+++ Data section +++

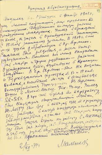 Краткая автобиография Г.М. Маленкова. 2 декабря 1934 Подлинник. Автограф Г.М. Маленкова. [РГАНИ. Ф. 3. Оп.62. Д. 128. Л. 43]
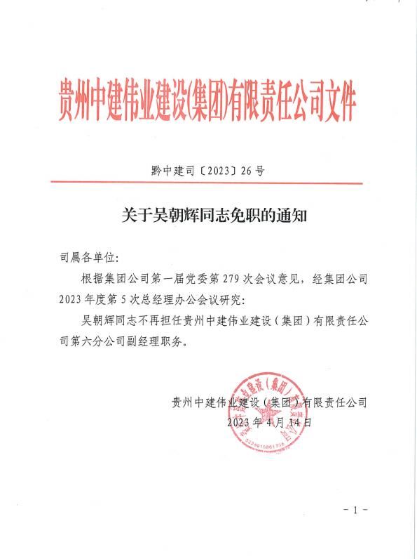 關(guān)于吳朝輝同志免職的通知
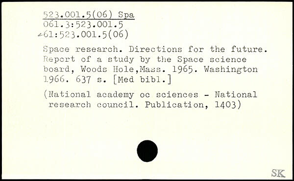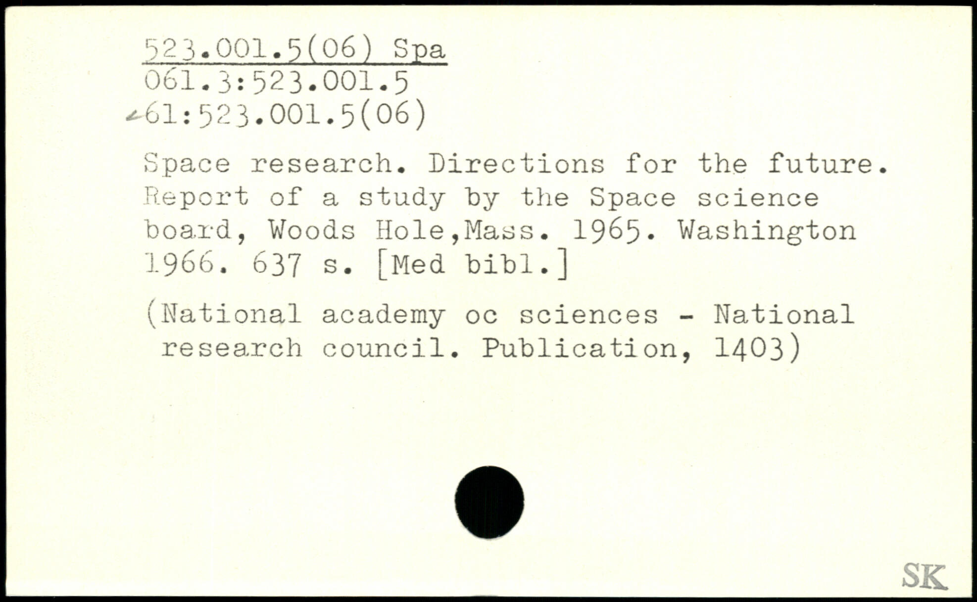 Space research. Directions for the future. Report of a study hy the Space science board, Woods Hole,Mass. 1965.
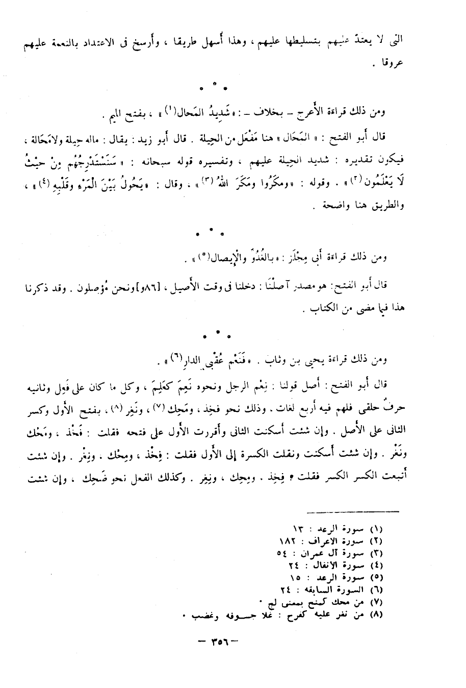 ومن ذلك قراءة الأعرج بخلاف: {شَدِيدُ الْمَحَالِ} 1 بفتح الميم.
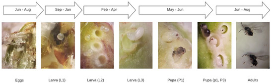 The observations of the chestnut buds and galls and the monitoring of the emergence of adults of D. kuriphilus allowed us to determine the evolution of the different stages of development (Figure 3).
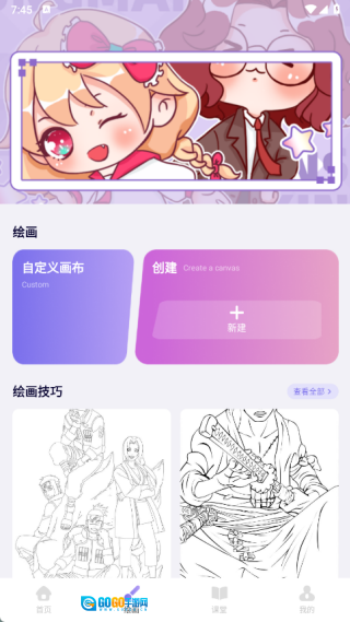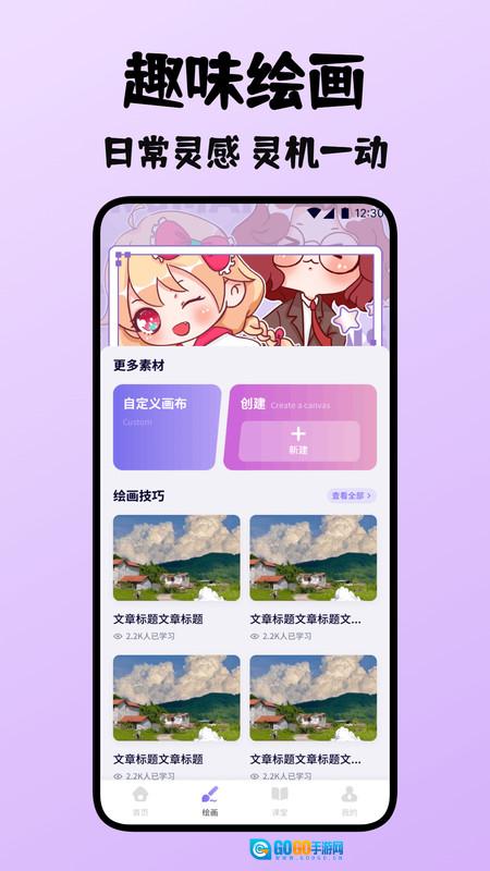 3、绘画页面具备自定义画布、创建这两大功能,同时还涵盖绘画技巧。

+++

*Work order:*
Only what runs from the line holding "ومن ذلك قراءة" through the end of the entries above is to be given again, exactly, with every picture omitted.

*Response area:*
 ومن ذلك قراءة الأعرج بخلاف: {شَدِيدُ الْمَحَالِ} 1 بفتح الميم.
 The observations of the chestnut buds and galls and the monitoring of the emergence of adults of D. kuriphilus allowed us to determine the evolution of the different stages of development (Figure 3).
 3、绘画页面具备自定义画布、创建这两大功能,同时还涵盖绘画技巧。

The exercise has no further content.